Last summer I was in Wisconsin with my teenage kids, and we went parasailing near the Dells. Afterward, as the boat was docking, I said to them, “Wasn’t that a beautiful sight? The blue sky with the white billowy clouds, the green hills and the rugged bluffs with the crystal blue lake below. Nestled in the valley was that charming little church with the white steeple, the winding driveway like a dark velvet ribbon, the sun reflecting off the windows was so stunning, the way the hills around it seemed to cradle it just so…”
The words were snatched from my mouth by the looks on their faces. It was a look that said, “Are you nuts?” Their words followed, “What? What? What church? What steeple? We didn’t see any valley with a church. You must have been seeing things.
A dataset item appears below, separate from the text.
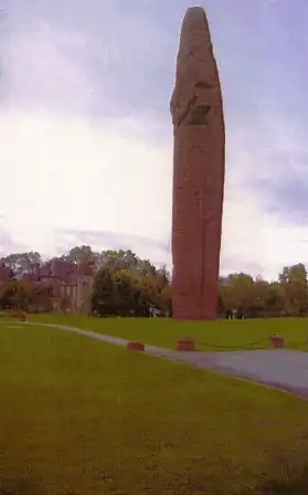 Légèrement placé à l'écart du village, entre le château et l'église, le monument prend la forme d'une borne colossale, coulée sur une armature métallique dans un béton fait d'agrégats roses de Moselle, avec des fondations qui s'enfoncent à 22 mètres dans le sol.
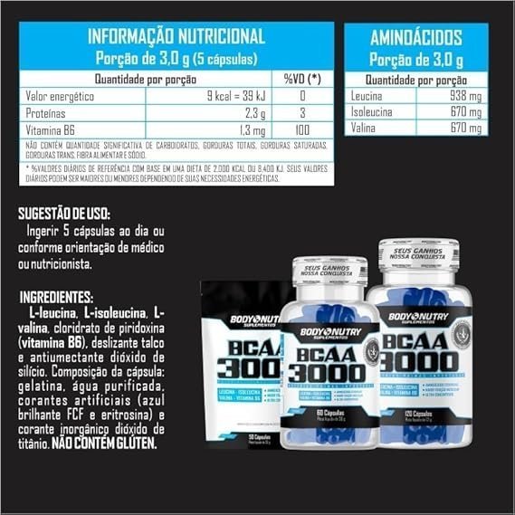 BCAA 3000 120 Capsulas Aminoacidos Essenciais Enriquecido com vitamina B6 Sem Sabor Ultra Concentrado Rapida Absorção Importado Original

All we saw was the sky and a few trees.”
Again I tried to describe the scene in more vivid detail, explaining that it was just north of the lake beyond the bluff, becoming impatient with them that they weren’t paying attention and missed such a great part of the experience.
Our parasailing guide overheard our growing argument. He chuckled and said, “Excuse me ma’am, you are both right. Because you are an adult, I could let you up 500 feet. But the kids are minors so regulations prohibit me from letting them up more than 250 feet. There is no way your children could have seen the sight you describe from only 250 feet up.”
The woman became silent. I could feel tears welling up in my eyes. There I was. Guilty as charged. Angry and frustrated by a 15-year-old who simply isn’t up high enough to see things the way I do at 51.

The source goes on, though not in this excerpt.